What’s more, it must be noted that due to the nature of occupation, any attempts to negotiate an end to the conflict will be characterized by an imbalance of power between the occupied population and the Occupying Power. This is evidenced by Israel’s adamant refusal to even engage in discussions regarding Jerusalem and its insistence on retaining most of the settlement blocs and their associated infrastructure. This imbalance in power was most recently illustrated by Kerry’s attempts at preventing either party from taking any so-called “unilateral” actions that could be detrimental to the resumption of negotiations. The Palestinians have honored their commitment to refrain from acceding to any further international bodies and have desisted from engaging the international community in their obligations, which dictate that in the event of breaches of peremptory norms of international law, such as denial of the Palestinian right to self-determination by Israel, third States must not recognize Israel’s conduct as lawful, they must not render aid or assistance in maintaining the illegal situation and they must cooperate to bring it to an end. Meanwhile, Israel has discarded Kerry’s request and continues its settlement activity including, most recently, moving to retroactively legalize four unauthorized outposts and giving preliminary approval for the construction of 300 houses at Beit El.

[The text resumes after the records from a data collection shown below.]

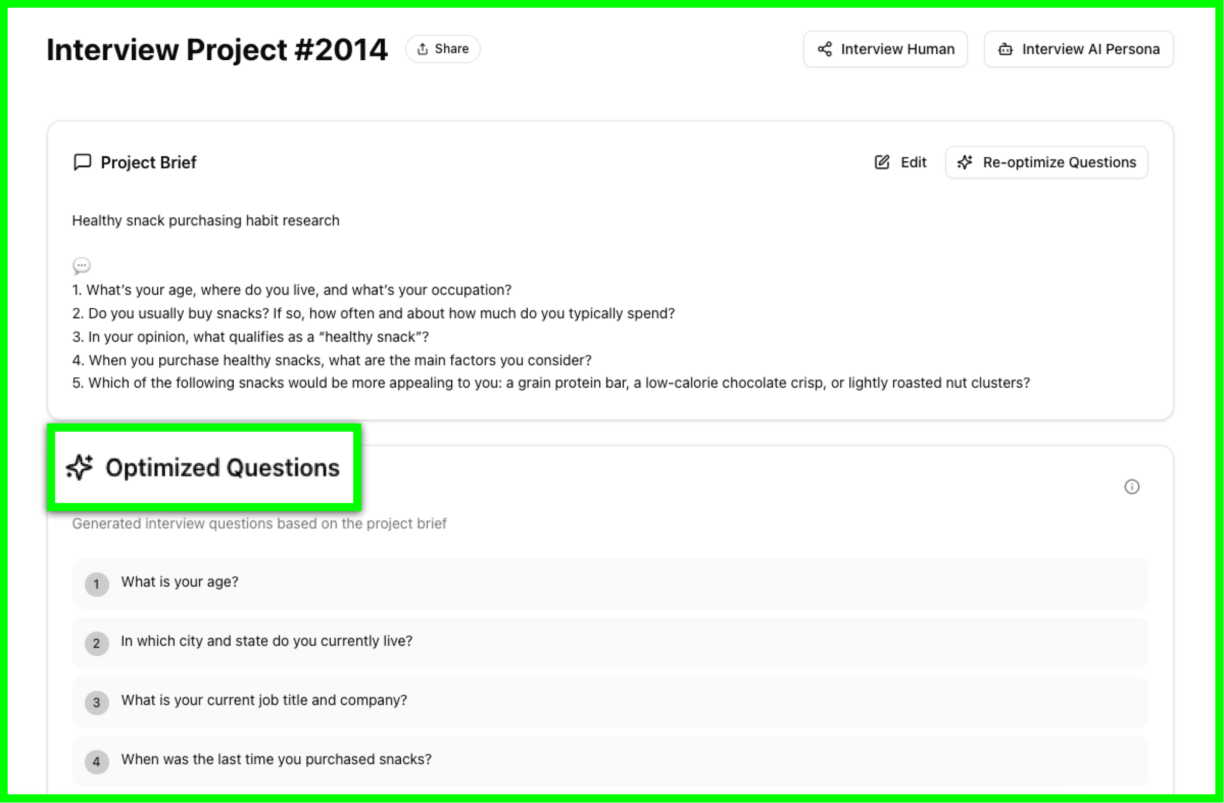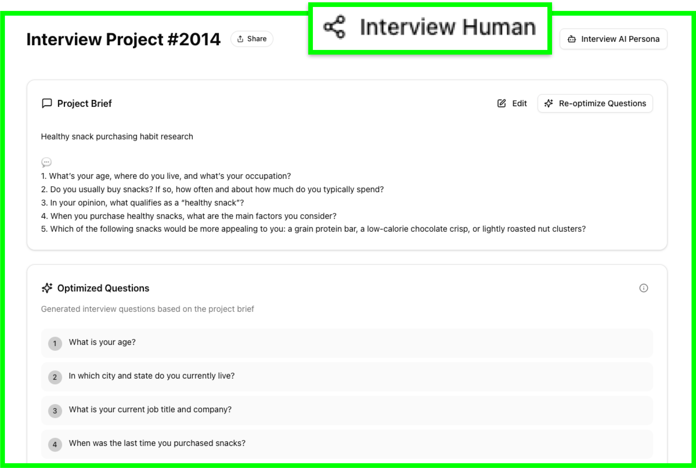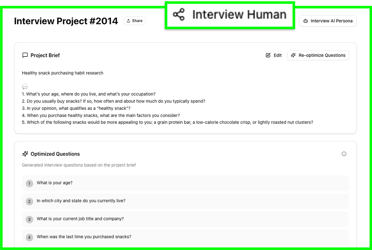 Used AI-Powered Interview Research (Let AI conduct professional interviews with real people and AI Personas. Generate insights automatically with our intelligent interviewer.) to obtain consumer insights
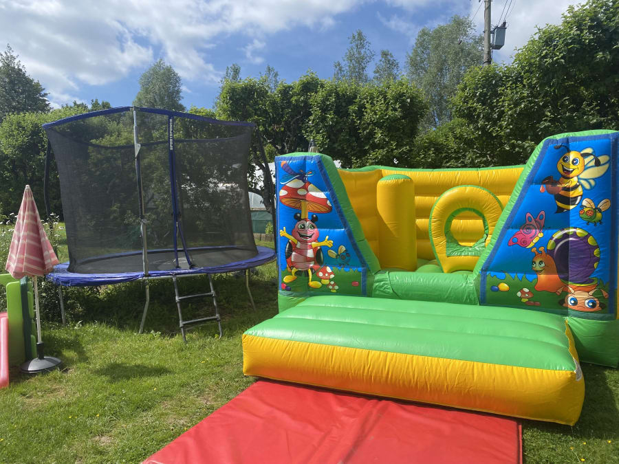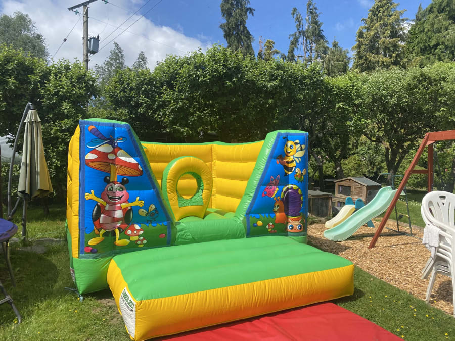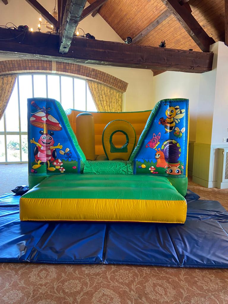 Bounce-A-Roo proudly present our 'Bug Hotel' tots bouncy castle. It has a column to push and jump on and a crawl through hoop.
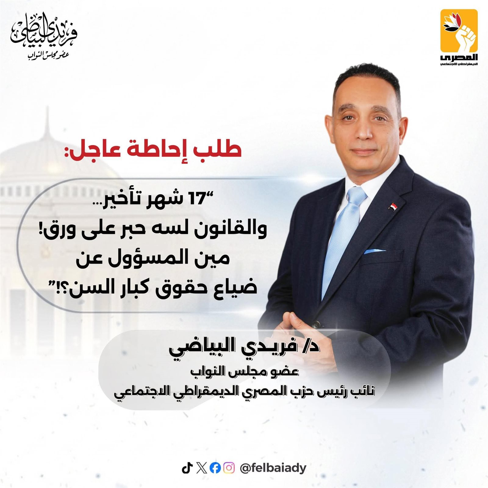 وطالب البياضي بسرعة إصدار اللائحة التنفيذية للقانون بشكل فوري، إلى جانب فتح تحقيق عاجل ومحاسبة كل من تسبب في تعطيل تطبيقه، مؤكدًا أن كبار السن لا ينتظرون وعودًا، بل ينتظرون تنفيذ حقوقهم واحترام الدستور وتطبيق القانون.
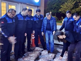 Zabıta ve polis ekipleri, araçta yaptıkları aramada, piyasaya sürülmek üzere hazırlanmış ağır koku yayan 170 kilogram et buldu.
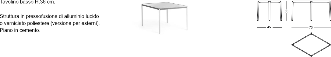 Materiali: struttura in pressofusione di alluminio lucido o in alluminio verniciato poliestere (versione per esterni). Piani in cemento verniciato a liquido, finitura lucida.
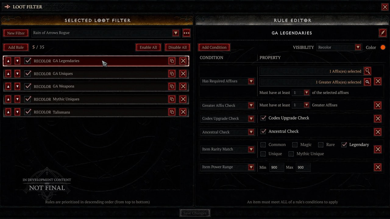 玩家期待已久的戰利品篩選器終於上線。Colin Finer 表示篩選器支援精準邏輯條件設定。不想自己研究的玩家可匯入其他玩家的設定檔。篩選器設有快捷鍵隨時開關,想回頭看隱藏物品完全無難度。
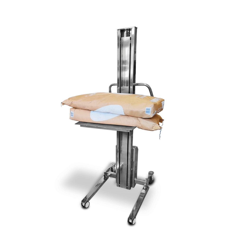 Engineered for frequent transfers of ingredient bags and soft loads, this unit supports safer hoisting, staging and positioning between floor level, benches, mixers and processing stations. The electric lift system delivers smooth vertical movement, reducing manual strain and improving control during repetitive handling. Its lightweight frame remains manoeuvrable in tight production spaces, making it practical for sites that need consistent bag movement without introducing unnecessary bulk.

The Fourth Geneva Convention, which affords protection to populations under occupation, foresees such asymmetry and therefore expressly prohibits situations in which occupied authorities may be coerced into reaching agreements that serve the interests of the occupying power while undermining the rights of the occupied population.

The international community must not disregard its obligation to discourage on-going breaches of international law in the OPT in favor of pursuing a political solution which, in practice, would serve to legitimize Israel’s illegal settlement enterprise. This is particularly concerning when viewed in light of the Charter of the United Nations, which lists promotion of justice and conformity with international law as guiding principles in the organization’s pursuit of international peace and security.

Furthermore, the focus on land swaps not only jeopardizes the protection afforded to the occupied population, but also distracts from a multitude of other issues, including Jerusalem, the rights of Palestinian refugees and prisoners, and water, all of which must be addressed if negotiations are to bring about a just and durable solution to the conflict. It is the obligation of all parties, and the international community as a whole, to ensure that any proposals for negotiations are at the very minimum compliant with international law standards. Failure to ground negotiations in international law will result in a peace agreement that is neither durable nor capable of protecting the rights of all, especially those of the Palestinian people.

Absent a legal foundation, negotiations will be premised on the political interests of the most powerful actors, to the detriment of the occupied population that international law seeks to protect. Therefore, any attempt by negotiators to begin discussions based on the notion of mutual land swap agreements should be dismissed as not only a clear expression of purely political interests, but also as a dangerous precedent that would undermine the international legal regime and result in another round of failed talks and dashed hopes.